Our project is simple. We will hitchhike the 4,000 kilometers of the Silk Road in China,
from Xian to Kashgar, stopping at each of the National Parks along the route to backpack across them, filming the entire thing. As we travel, we will explore how China’s break-neck growth is affecting China’s natural spaces and the way the Chinese think of those spaces. We want to understand what the Outdoors means to the Chinese.

Most Americans have an impression of China as a country crammed with people. This is
largely true of the eastern half, where more than ninety percent of the nation’s 1.3 billion people live, but, as you journey westward along the Silk Road, leaving the cities behind, it becomes a land of mountain and desert. Our route will take us through the Taklamakan Desert and the Tianshan Mountains, where the Chinese live with a mΓ©lange of ethnic minority like the Uighurs, Kazaks and Mongolians, an empty landscape reminiscent of the red deserts and green mountains of Utah.

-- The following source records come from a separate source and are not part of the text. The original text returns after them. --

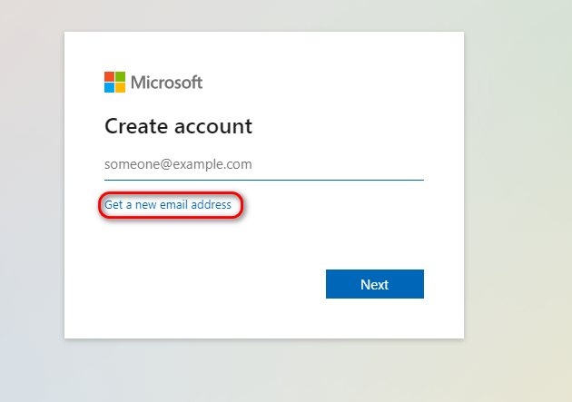 - Click on “Get a new email address” and enter your preferred email name in the text box, then click on Next.
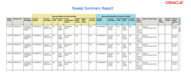 This report provides the summary of sweeps done on a specified date\ specific period for a customer or a structure. It states the sweep reference number, sweep amount, the accounts involved, reference number and the value date. Invoke the Report screen and select the report name as Sweep Summary Report.
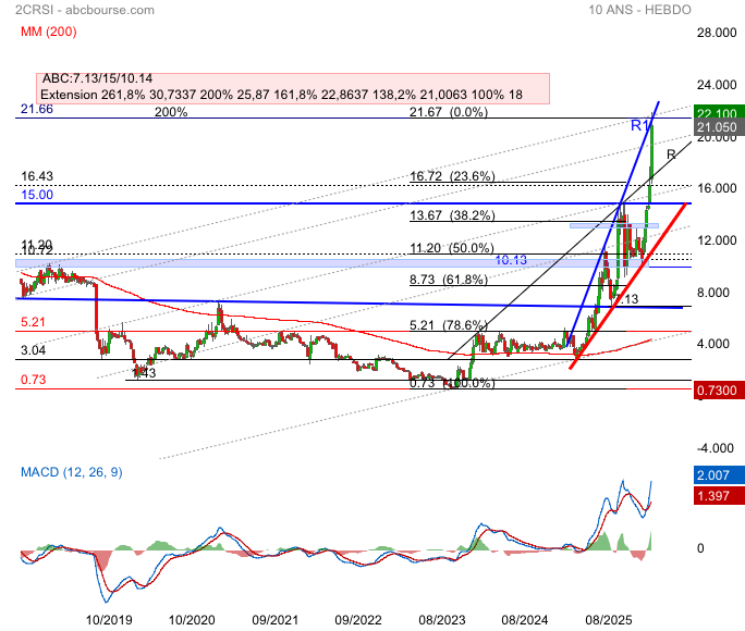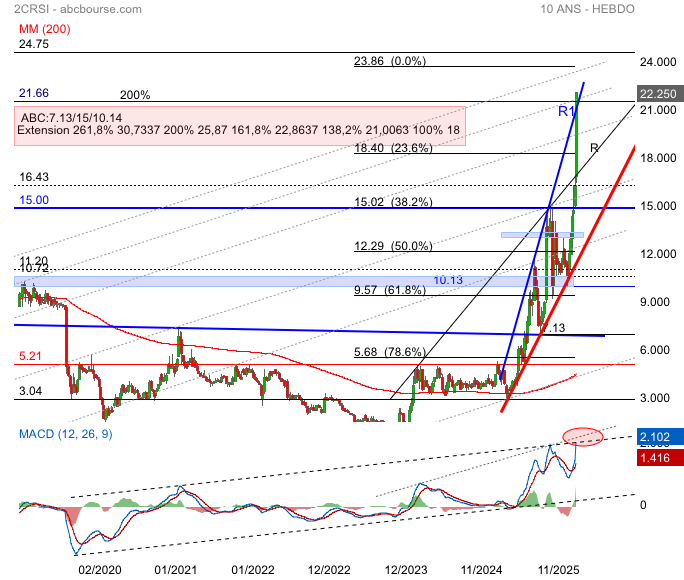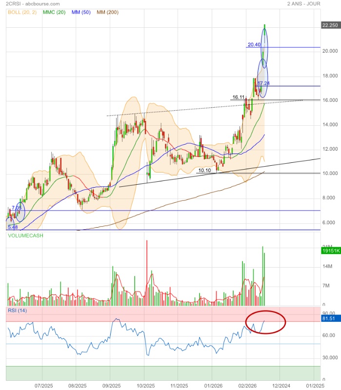 Avec une performance sur 1 mois de +70,6 % et +318,8 % sur 1 an, 2CRSI écrase ses moyennes historiques, mais une telle accélération attire souvent des prises de bénéfices.
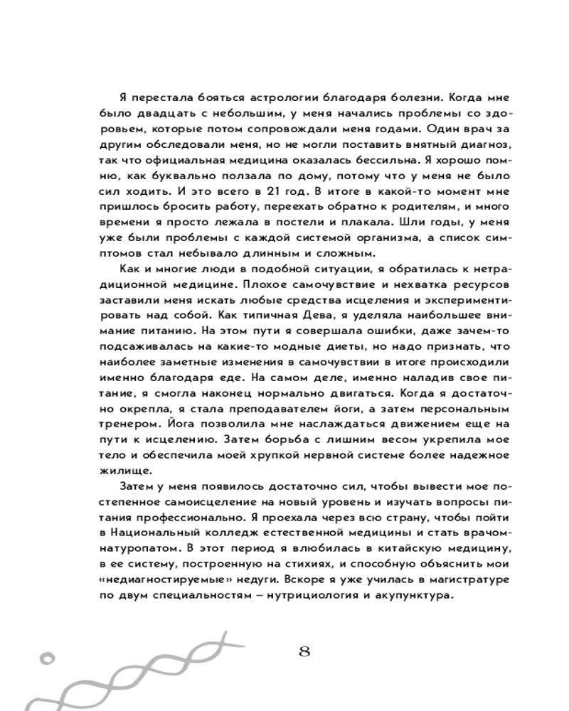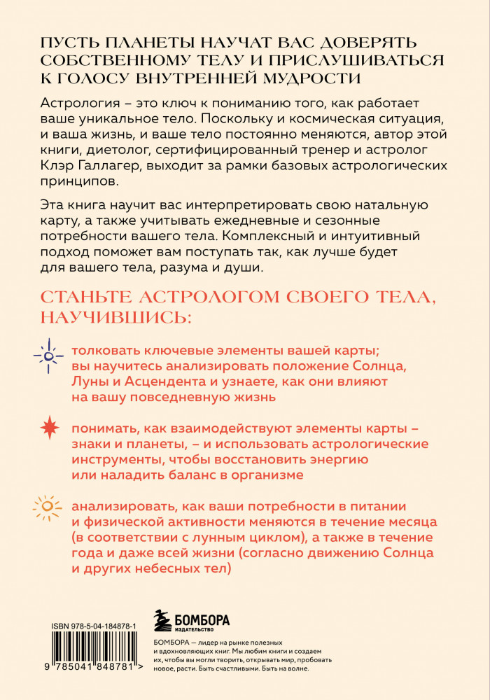 Серия: По млечному пути. Западная астрология Астрология — еще один ключ к пониманию того, как работает ваше уникальное тело. Поскольку и космическая ситуация, и ваша жизнь, и ваше тело постоянно меняются, автор выходит за рамки базовых астрологических принципов. Книга научит вас интерпретировать свою натальную карту, а также учитывать ежедневные и сезонные потребности вашего тела. Комплексный и интуитивный подход поможет вам поступать так, как будет лучше персонально для вас, для вашего разума и души. |
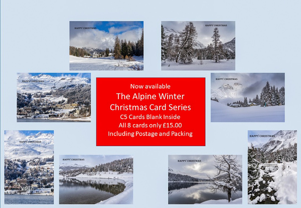 Eight winter scenes taken in the Swiss Alps as A5 Christmas cards. Blank on the inside for your own greetings. Made from 300gsm TruCard stock complete with white 100gsm envelope and individually bagged. Price includes Postage and Packaging to UK addresses
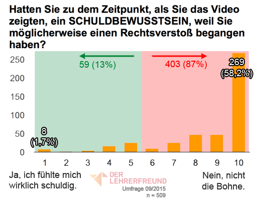 Ein Blick aufs Diagramm zeigt: Das Schuldbewusstsein hält sich wirklich in Grenzen, man könnte sogar sagen: Ein Großteil der Lehrer/innen hat keinerlei Schuldgefühle beim Zeigen von YouTube-Videos im Unterricht.
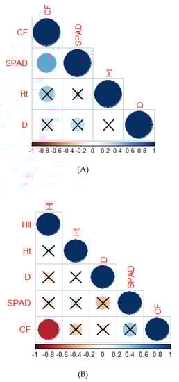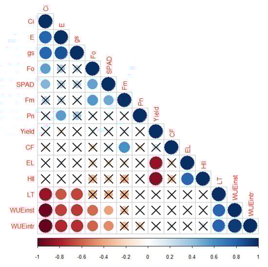 Correlogram showing the relationship between average values of the variables in open-field conditions. The intensity of color and size of the circle increases with an increase in the significance of correlation. Dark red denotes a high negative correlation, whereas dark blue denotes a high positive correlation. The cells with cross marks denote no significant correlation between the variables. The full form of abbreviations used in the correlogram are given in the abbreviations section.
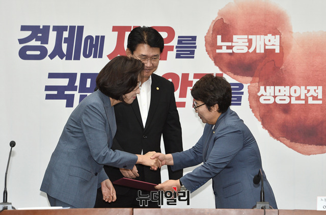 나경원 자유한국당 원내대표, 정용기 정책위의장이 9일 오전 국회에서 열린 '에너지 정책 파탄 대책 특위, 생명 안전 뉴딜 특위, 노동 개혁 특위 임명장 수여식'에서 임이자 노동 개혁 특위 간사에게 임명장 전달 직후 기념촬영을 하고 있다.
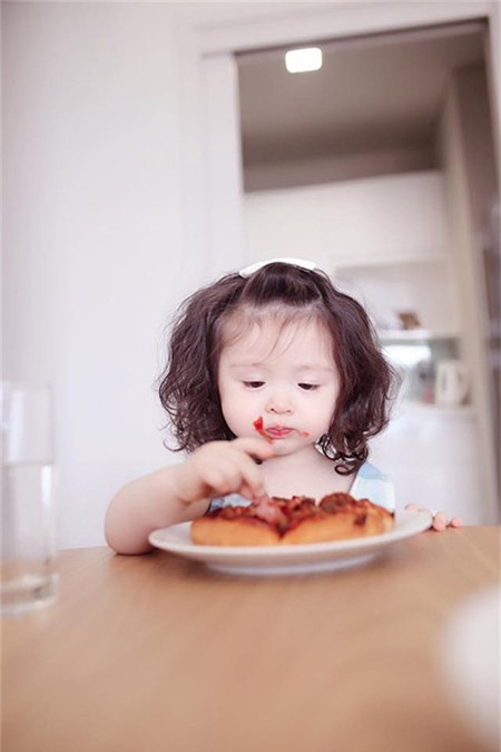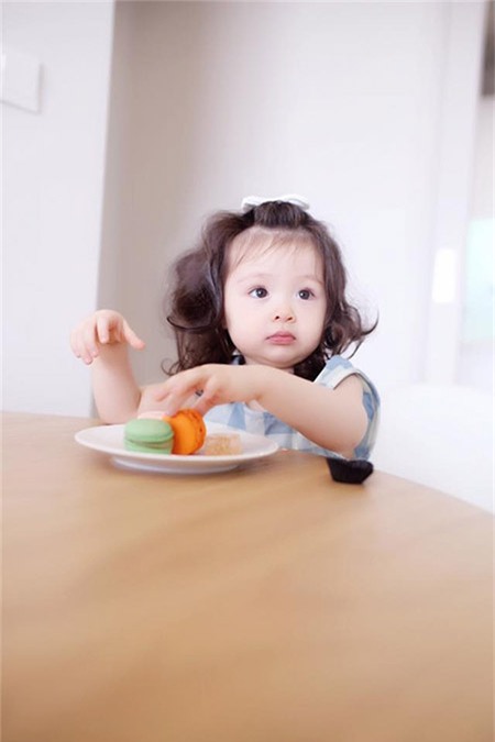 cà dễ thương của nàng “thiên thần nhí” Cadie Mộc Trà khi đang ngồi ăn
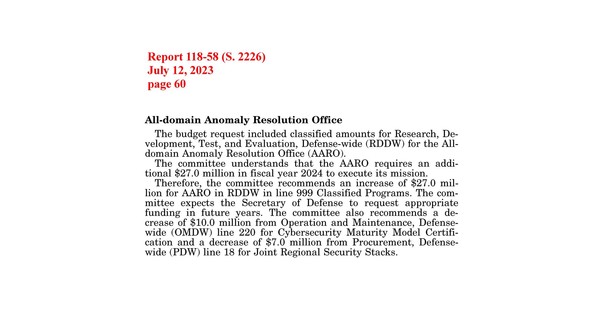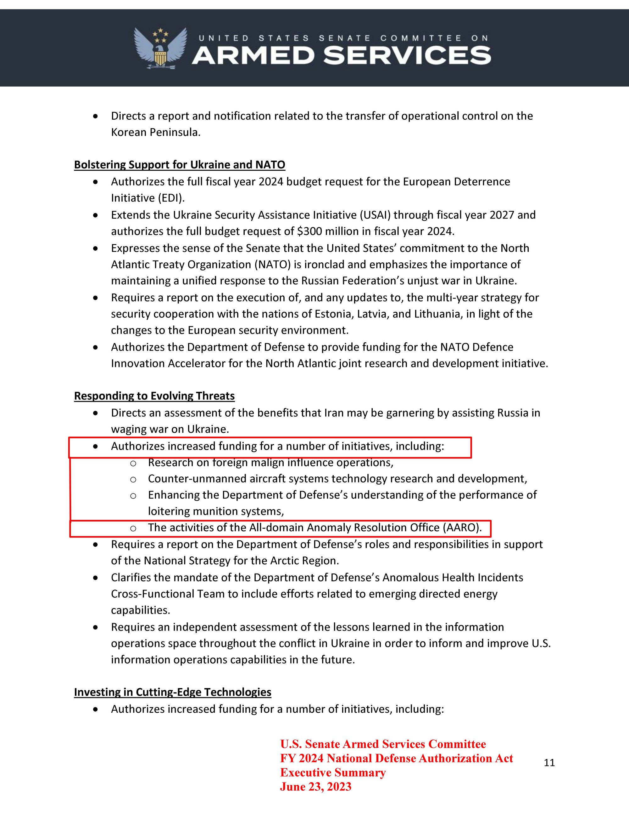 (6) July 17, 2023, 2:30 PM EDT: Clarified my previous partly erroneous statement regarding what is known about the authorized funding level for the All-domain Anomaly Resolution Office (AARO) in Fiscal Year 2024. Inserted images from the report of the Senate Armed Services Committee on S. 2226, stating that the committee recommended a funding increase of $27 million, over and above the classified figure that had been submitted as part of the Department of Defense budget request (but the total figure remains classified).
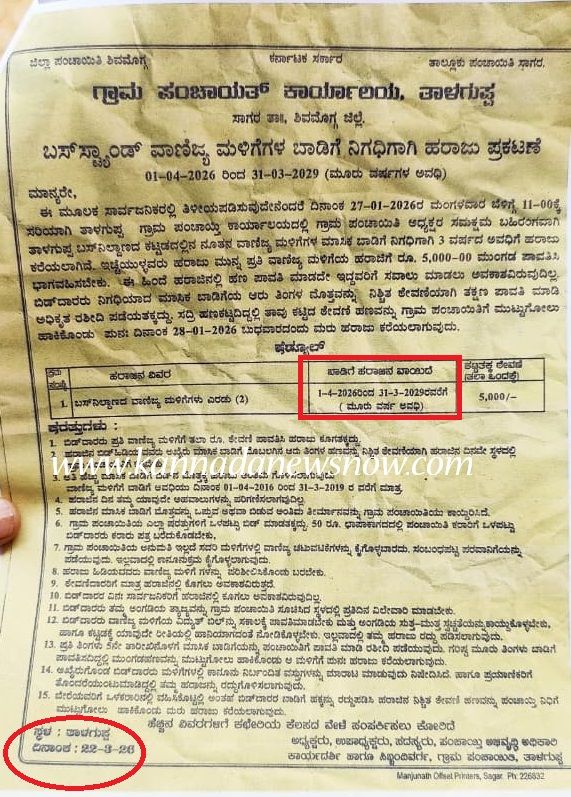 ಇನ್ನೂ ದಿನಾಂಕ 22-03-2026 ಬಾರದೇ ಇದ್ದರೂ ಆ ದಿನಾಂಕದಲ್ಲಿ ಪ್ರಕಟಿಸಿದಂತ ಪಾಪ್ಲೆಟ್ಸ್ ನಲ್ಲಿ ತಾಳಗುಪ್ಪದ ಬಸ್ ನಿಲ್ದಾಣದ ವಾಣಿಜ್ಯ ಮಳಿಗೆಗಳ ಎರಡು ಅಂಗಡಿಗಳ ಟೆಂಡರ್ ಗೆ ಕರೆಯಲಾಗಿದೆ. ಈ ಮಳಿಗೆಗೆಗಳನ್ನು ಈ ಹಿಂದೆ ಟೆಂಡರ್ ಹಿಡಿದು ವಾಣಿಜ್ಯ ಮಳಿಗೆಯನ್ನು ಪಡೆದಿರೋರ ಅವಧಿ ಮಾತ್ರ ದಿನಾಂಕ 01-04-2026ಕ್ಕೆ ಮುಕ್ತಾಯವಾಗಲಿದೆ.
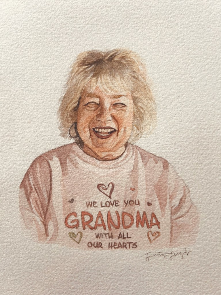 It was strange how each simple line I drew looked and felt so much like her, this face that I love, that I bear a resemblance to. I watched this representation of her come to life on the page, a special keepsake for her children and her children’s children. When we see it, we can remember the warm, rich, happy privilege of knowing her love. We can remember the sound of her laughter, and the way her eyes crinkled when she smiled. We can remember her fierce devotion to those she held dear.
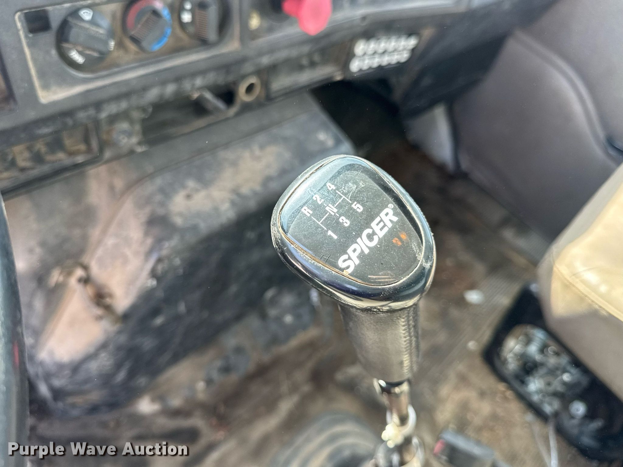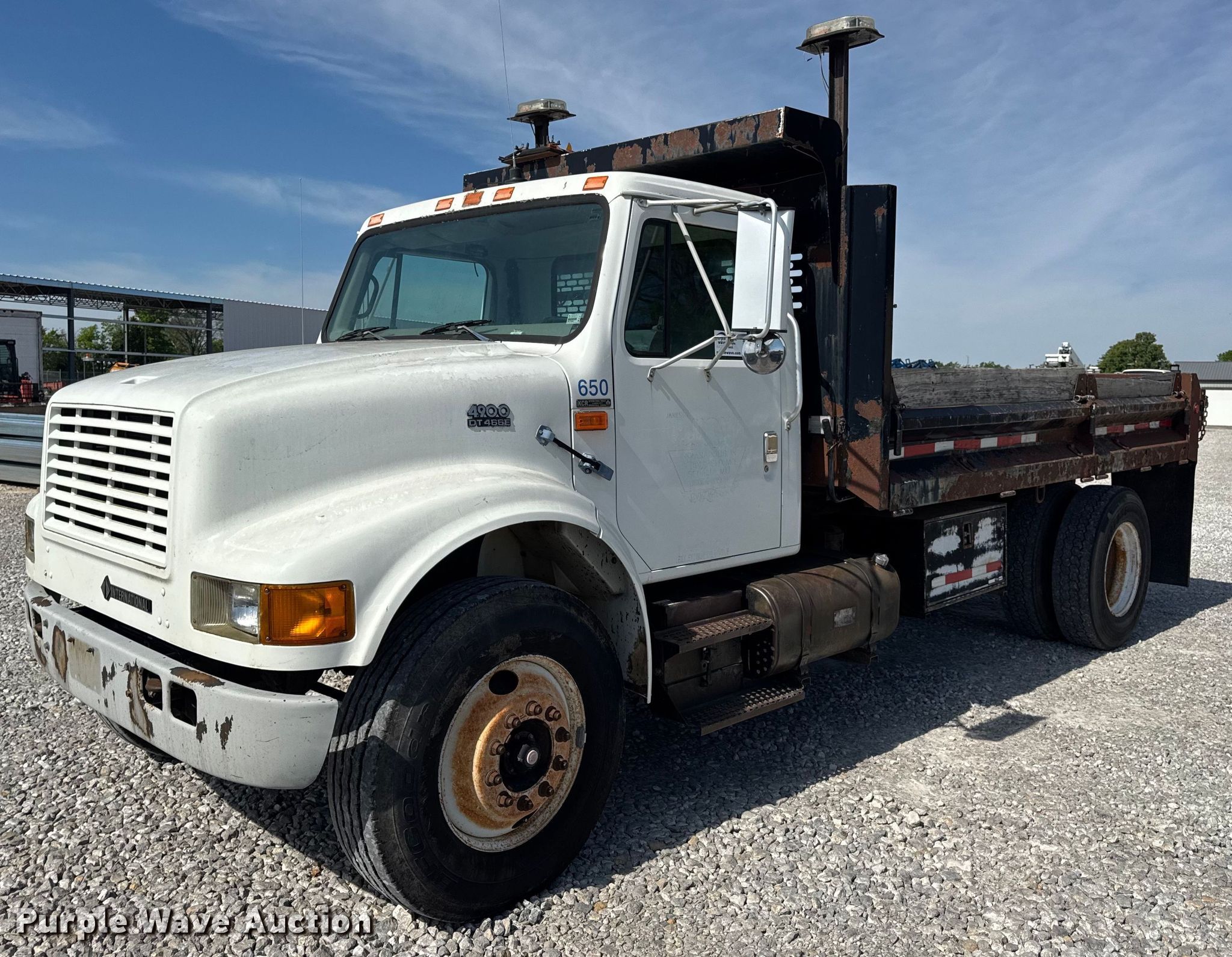 2000 International 4900 dump flatbed truck. Miles: 185,169 on odometer, VIN: 1HTSDAAN4YH276744, Unit #: 650. Engine International DT466E, Displacement: 7.6L, Cylinders: 6, Fuel type: Diesel. Transmission Spicer, Manual, Speed: 10. Chassis Axles: Single, Suspension: Spring, Brakes: Air, PTO. Interior Heat, Cruise control, Brake controller. Features Dump flatbed Henderson Manufacturing 14X13XFDS, Serial: MK4-08798, 14' L x 95" W, Ram: Single. Tires Size: 11R22.5. Notes Oil leak, Rust damage, Tires damaged. Missouri title. Title distribution may be delayed up to 14 days from verification of funds. James H. Drew Corp.. Sedalia, MO 65301

This is more than just an outdoor adventure. Certainly, hiking across the National Parks
along the Silk Road will be important, but we also want to know what the Chinese think of their outdoors spaces. Millions of Chinese tourists are beginning to fan out across the globe, and they will use the Outdoors differently than we do. They have a different understanding of how they are supposed to use their Outdoors. As China’s role in the world increases, their understanding of the Outdoors will increasingly affect our Outdoors, everywhere from Yellowstone to the Serengeti. Our goal is to figure out what that understanding is.

We chose hitchhiking as our method of travel because it will put us into contact with large numbers of everyday Chinese people, giving us the opportunity to question them about
what they think of their Outdoors (though, due to logistics, we understand that when going
to certain places, like Tianchi Tianshan National Park, we may have to find other means of transportation as there is little normal traffic in the area). Combining what people tell us while hitchhiking outside the parks with what people tell us while hiking in the parks, we will have a well-rounded understanding of what the Outdoors means to an average Chinese citizen.

The two of us have the experience necessary to complete this project. First, Lee Moore has lived and worked in China for more than two years, doing graduate work entirely in
Mandarin at Nanjing University. With his experience, he will tackle the cultural, linguistic and logistical issues as they travel. Galen Burke is a professional photographer and videographer who has been concentrating on outdoor and sports photography. He will be filming the whole journey.

Both have worked for the National Park Service earlier in their careers, and both are avid
outdoorsmen, having hiked the entire Foothills Trail and parts of the Appalachian Trail together.